**Directions for this task**
Give again, exactly as written, each line of the material below starting at the line that contains "侧挂陈列基本上是每一家服装店" and ending at the line that contains "3.1.Sucursal:Con que sucursal". Both ends count, and no other line does.

**Supplied data**
============

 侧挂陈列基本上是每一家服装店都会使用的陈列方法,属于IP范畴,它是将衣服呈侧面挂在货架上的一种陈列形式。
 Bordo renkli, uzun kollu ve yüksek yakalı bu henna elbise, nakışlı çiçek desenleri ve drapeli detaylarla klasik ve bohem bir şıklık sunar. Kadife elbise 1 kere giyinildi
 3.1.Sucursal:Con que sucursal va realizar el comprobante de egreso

============

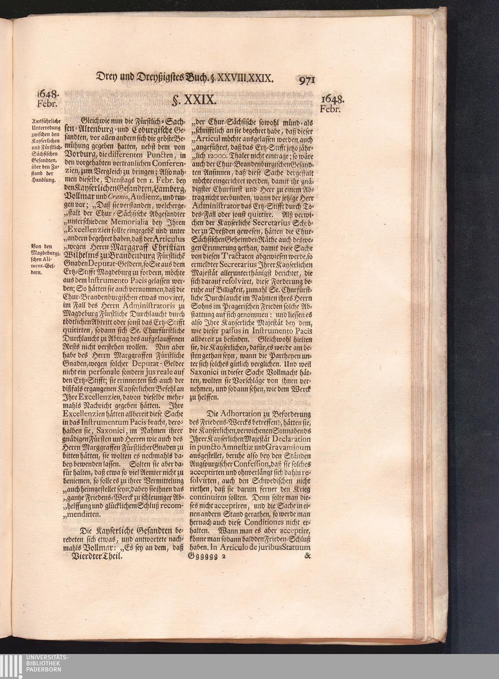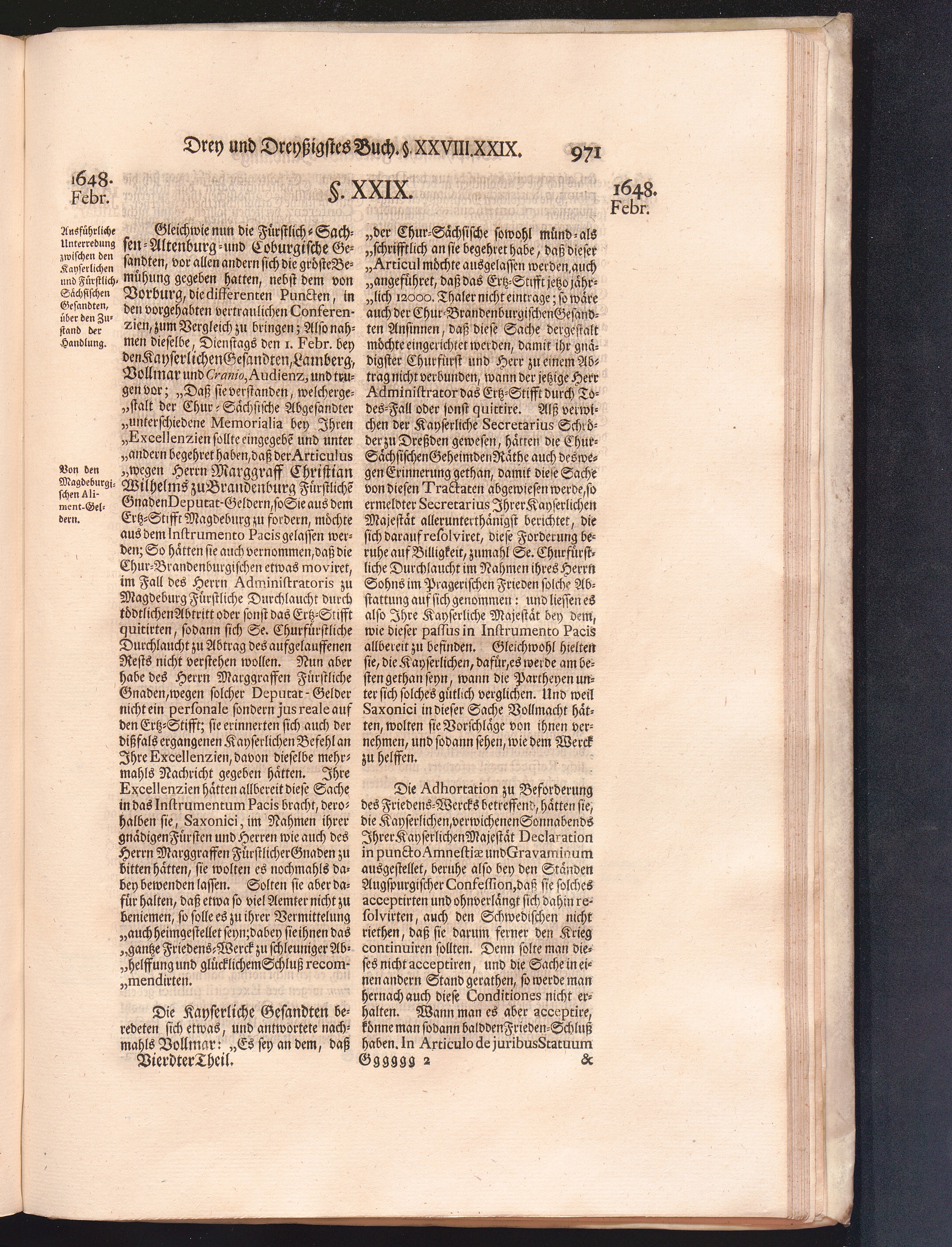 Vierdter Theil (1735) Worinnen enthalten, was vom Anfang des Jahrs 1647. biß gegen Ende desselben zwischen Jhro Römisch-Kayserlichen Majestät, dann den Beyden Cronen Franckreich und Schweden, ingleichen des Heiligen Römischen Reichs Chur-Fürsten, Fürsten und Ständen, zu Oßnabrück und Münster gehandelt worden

============

**Response to the exercise**
 侧挂陈列基本上是每一家服装店都会使用的陈列方法,属于IP范畴,它是将衣服呈侧面挂在货架上的一种陈列形式。
 Bordo renkli, uzun kollu ve yüksek yakalı bu henna elbise, nakışlı çiçek desenleri ve drapeli detaylarla klasik ve bohem bir şıklık sunar. Kadife elbise 1 kere giyinildi
 3.1.Sucursal:Con que sucursal va realizar el comprobante de egreso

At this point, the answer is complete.